Your goal:
The answer must consist solely of the lines from the opening line of the entries through the line with "These high-waisted wide-leg", transcribed exactly and without any pictures.

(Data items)
[Start of section]
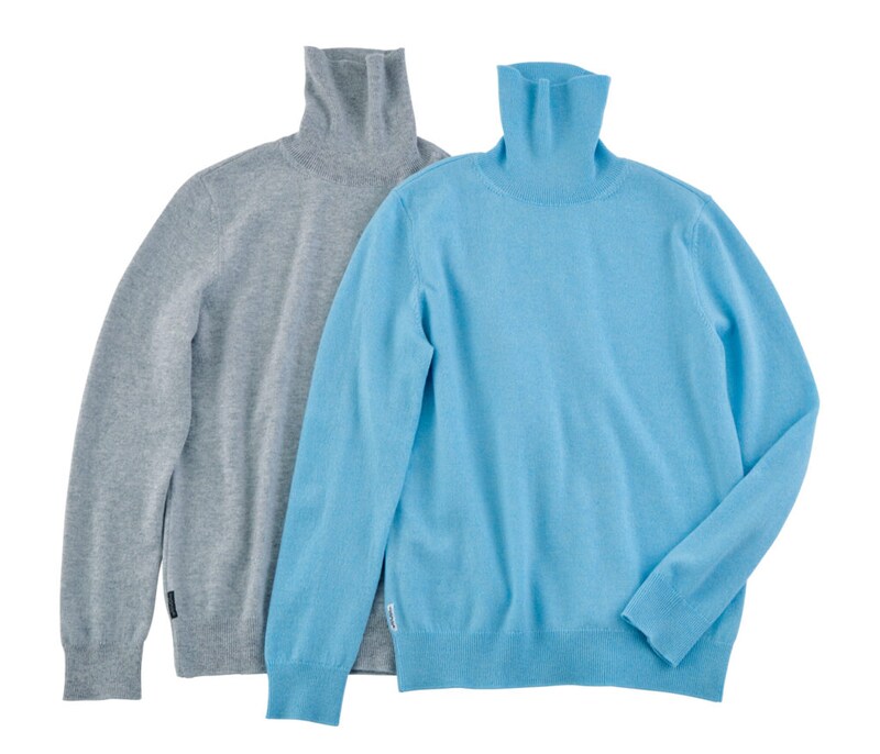 天然素材にこだわり、着る人の心地よさを追求しながらものづくりを続ける〈マドモアゼルノンノン〉。今季の注目は、内モンゴル自治区で作られるアラシャンカシミアを使用したニット。綿から染色することで、さらにふんわりと滑らかな肌触りに仕上がっている。一枚でもジャケットの中にも着られる、使い勝手のいい編み目の細かさで、ロングシーズンで活躍。
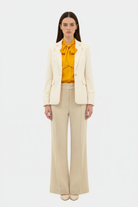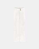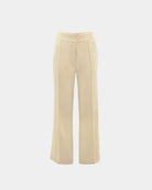 These high-waisted wide-leg trousers are crafted from linen, giving them a relaxed yet sophisticated texture. They feature a tailored front with two visible buttons at the waistband, subtle pleat detailing extending down the leg, and functional side pockets.
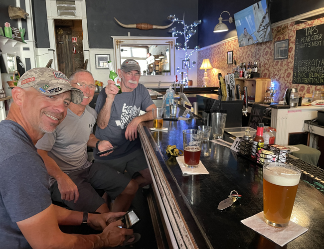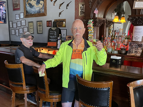 Texas: so first steaks of the trip! This new regime seems to have transformed Bill too. I for one was effusive when I came by him on the ride, letting him know how great I thought it was that we were both in front, and I'm sure others did the same. But he might also have realized the even the whiff of a feeling that he was part of a team felt better than he ever imagined. At the Great American Steakhouse—first night in Texas, gotta have steak—he was the life and soul of his end of the table. I was still struggling with him so was happy to be at the quiet end. Anyway, he still regains a point for his change of attitude today. I had fillet minion, mash, beans, coleslaw, and baked jalapenos. Good but not the best I'd ever had, though that could easily be more the result of trying to get a dozen plates to the table simultaneously than a general problem with their standards. The Sante Fe Happy Camper IPA was similarly unenthusiastic.
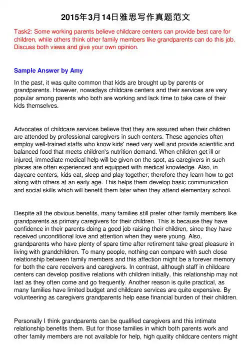 2015年3⽉14⽇雅思写作真题范⽂Task2: Some working parents believe childcare centers can provide best care for children, while others think other family members like grandparents can do this job. Discuss both views and give your own opinion.Sample Answer by AmyIn the past, it was quite common that kids are brought up by parents or grandparents. However, nowadays childcare centers and their services are very popular among parents who both are working and lack time to take care of their kids themselves.Advocates of childcare services believe that they are assured when their children are attended by professional caregivers in such centers. These agencies often employ well-trained staffs who know kids' need very well and provide scientific and balanced food that meets children's nutrition demand. When children get ill or injured, immediate medical help will be given on the spot, as caregivers in such places are often experienced and equipped with medical knowledge. Also, in daycare centers, kids eat, sleep and play together; therefore they learn how to get along with others at an early age. This helps them develop basic communication and social skills which will benefit them later when they attend elementary school. Despite all the obvious benefits, many families still prefer other family members like grandparents as primary caregivers for their children. This is because they have confidence in their parents doing a good job raising their children, since they have received unconditional love and attention when they were young. Also, grandparents who have plenty of spare time after retirement take great pleasure in living with grandchildren. To many people, nothing can compare with such close relationship between family members and this affection might be a forever memory for both the care receivers and caregivers. In contrast, although staff in childcare centers can develop positive relations with children initially, this relationship may not last as they often come and go frequently. Another reason is quite practical, as many families have limited budget and childcare services are quite expensive. By volunteering as caregivers grandparents help ease financial burden of their children. Personally I think grandparents can be qualified caregivers and this intimate relationship benefits them. But for those families in which both parents work and other family members are not available for help, high quality childcare centers mightmeet their needs. (By Amy From CA, US)----------------------新的⼀年,2015年的烤鸭们你们准备好了⽊有!前路虽未⼘,有Amy和你随⾏,所以请不要觉得孤单⽆助!接着⼴⽽告之:Amy倾⼒按话题分类整理好的雅思真题原创范⽂集现已发布!是真题范⽂集哦!不是⼤家常见的市⾯上所谓的8分范⽂,9分范⽂!真题有多么强的可借鉴性,⾼质量的真题范⽂⼜是多么稀缺,认真复习雅思考试或者已经和雅思考试打过交道的朋友们懂的!如果你或者⾝边的烤鸭对Amy这套范⽂集感兴趣,记得私信Amy的q: 2561503206 。
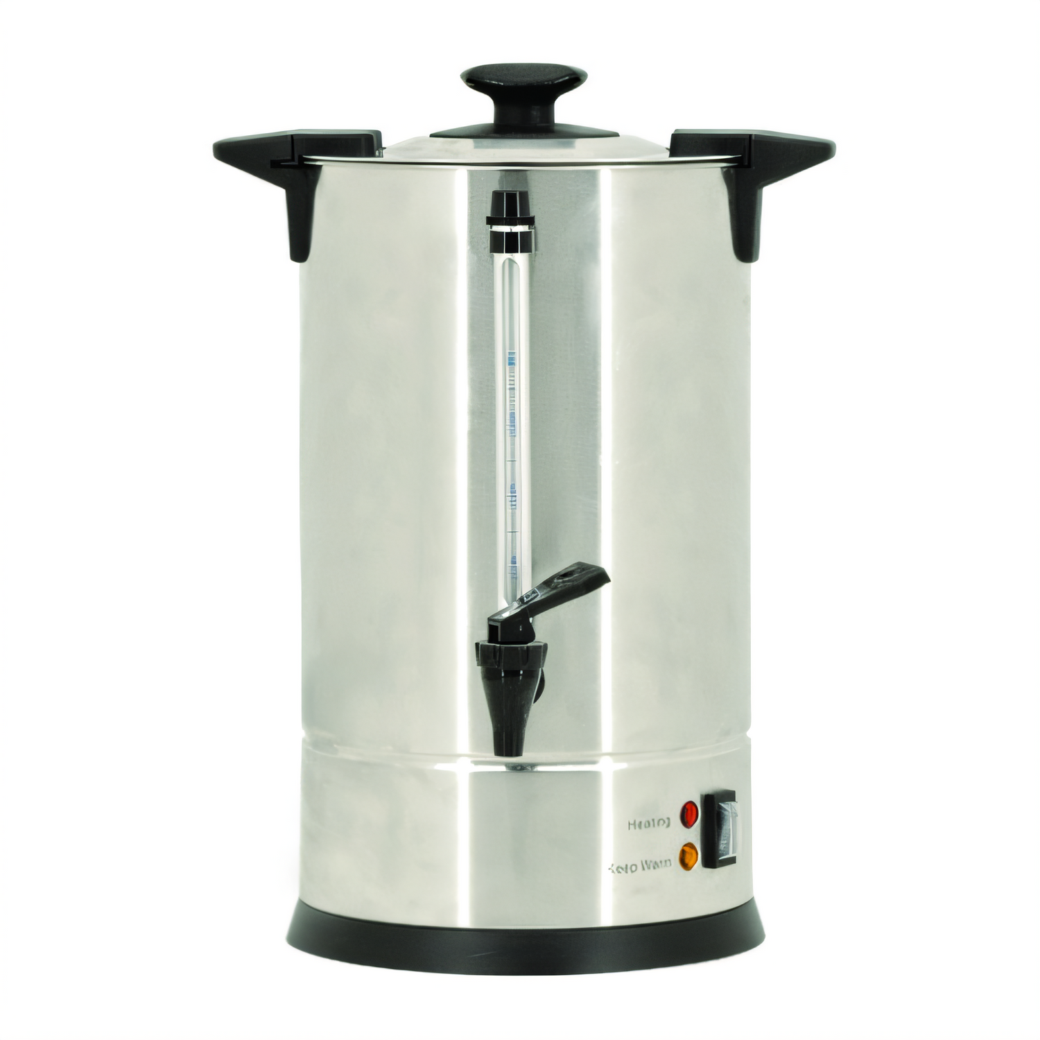 (CM-CN-0043) Coffee Percolator, 1.66 gallon, 43 cup per hour capacity, 32 minute max quantity time, water level gauge, coffee filter, locking lid, heat-resistant handles, non-drip water faucet, double-walled, brushed stainless steel, non-slip rubber feet, 110v/60/1-ph, 950 watts, cord, NEMA 5-15P, cETLus
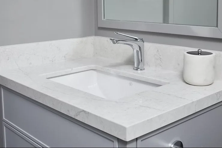BATHROOM VANITIES: White quartz on a spa-like bathroom vanity creates instant luxury. Pair with a white or light gray tile backsplash and polished chrome fixtures for a spa-resort aesthetic. Works equally well in powder rooms and master ensuite baths.
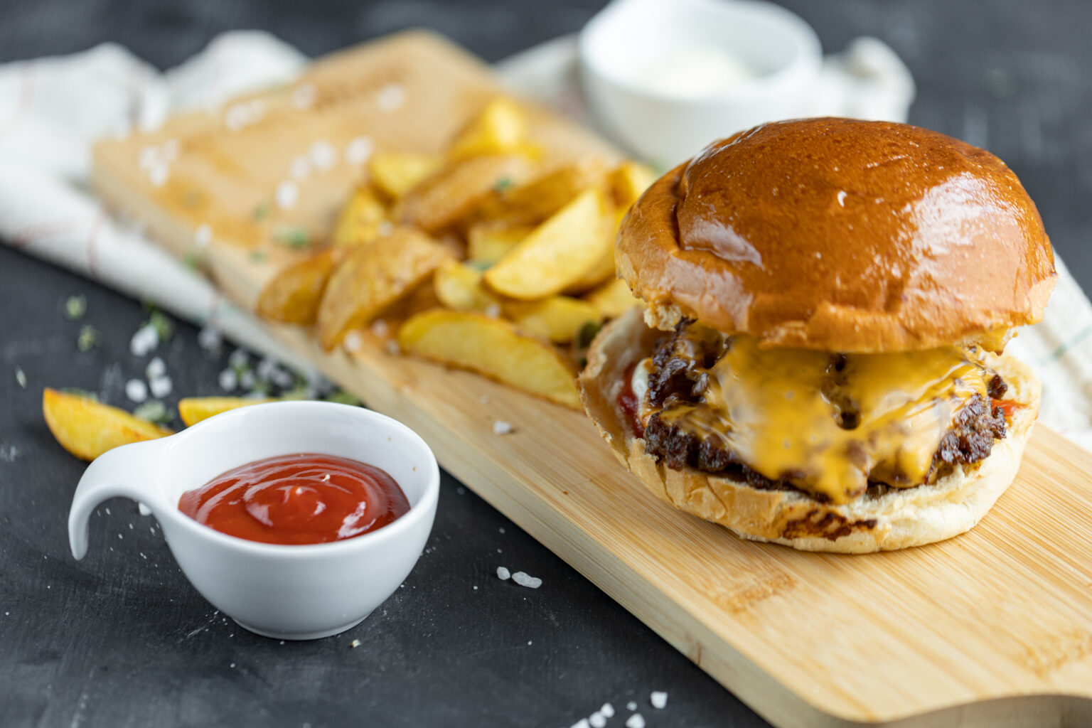 •Μόλις γυρίσουμε πλευρά στα μπιφτέκια, προσθέτουμε δύο φέτες τυρί τσένταρ σε κάθε μπιφτέκι.
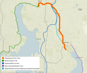 Other trails connecting with the Sammamish River Trail include the Burke-Gilman Trail, Eastside Rail Corridor, East Lake Sammamish Trail, Tolt Pipeline Trail and Puget Power trail.
[End of section]
Answer for the task:
 天然素材にこだわり、着る人の心地よさを追求しながらものづくりを続ける〈マドモアゼルノンノン〉。今季の注目は、内モンゴル自治区で作られるアラシャンカシミアを使用したニット。綿から染色することで、さらにふんわりと滑らかな肌触りに仕上がっている。一枚でもジャケットの中にも着られる、使い勝手のいい編み目の細かさで、ロングシーズンで活躍。
 These high-waisted wide-leg trousers are crafted from linen, giving them a relaxed yet sophisticated texture. They feature a tailored front with two visible buttons at the waistband, subtle pleat detailing extending down the leg, and functional side pockets.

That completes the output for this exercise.